Sharing cuttings is a wonderful way to economically try new roses. This can be done at any time of the year, but shipping is not recommended when temperatures are above 85 degrees Fahrenheit.
Take cuttings that are no longer than the width of a gallon baggie. It is courteous to make a slanted cut on the bottom and a straight cut at the top, to ensure that the recipient knows which end to root. If possible, try to make the bottom cut between leaf nodes, so the recipient can make a fresh cut if necessary. Remove a few of the lower sets of leaves.
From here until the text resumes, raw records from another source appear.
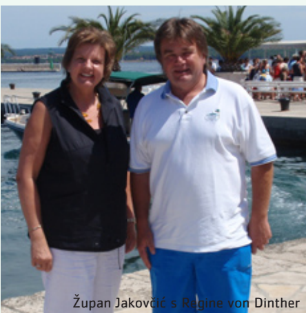
Župan Jakovčić s Regine von Dinther

Istarski se župan Ivan Jakovčić u toku srpnja na Brijunima susreo sa Reginom von Dinther, predsjednicom Parlamenta njemačke Savezne zemlje Sjeverne Rajne Vestfalije (Nordrhein-Westfalen), koja je provela godišnji odmor u Istri. Budući je Sjeverna Rajna Vestfalija najmnogoljudnija, najrazvijenija i najdinamičnija njemačka savezna zemlja, koja osobitu pozornost posvećuje regionalnom razvoju Europe, von Dinther se pohvalno izrazila o rezultatima koje je Istarska županija postigla u europskom međuregionalnom povezivanju, te dala potporu Hrvatskoj u njezinim naporima za priključenje Europskoj uniji.
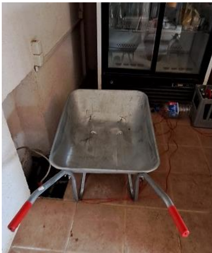
Sl. 26 Karijola
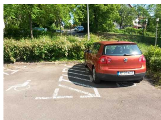
Parkplatz 1 und 2

Bundle the cuttings up, and wrap the bottoms in damp paper towels. When shipping hardwood (dormant) cuttings, the "jellyroll method" can ensure fresher cuttings. Lay the damp paper towel flat, arrange the cuttings on the paper towel about an inch apart, then starting at one end, roll the paper towel up.
Put your bundle of cuttings in bottom of a gallon sized plastic baggie. Roll the baggie up, pressing out any extra air. Zip up the baggie.
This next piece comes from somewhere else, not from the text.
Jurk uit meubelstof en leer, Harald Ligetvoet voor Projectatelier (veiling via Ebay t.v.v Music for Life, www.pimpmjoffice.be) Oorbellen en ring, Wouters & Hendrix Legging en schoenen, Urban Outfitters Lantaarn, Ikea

Make sure to label the cuttings. Use a waterproof marker to write the name on the baggie.
Place the baggies in a cardboard box. Use as small a box as is possible to keep the shipping cost down, but make sure the cuttings can fit in the box without bending or smashing them. Use crumbled newspaper to fill in any extra space, this will keep the cuttings from being battered on their journey.
The USPS will provide Priority shipping boxes free of charge, these can be ordered online, or sometimes they are available at your local post office. Priority shipping generally takes between 2-4 days to deliver, but this is not guaranteed. The insurance the USPS offers won't cover live plants, but delivery confirmation is only a few cents more, and is a good way to ensure prompt shipping.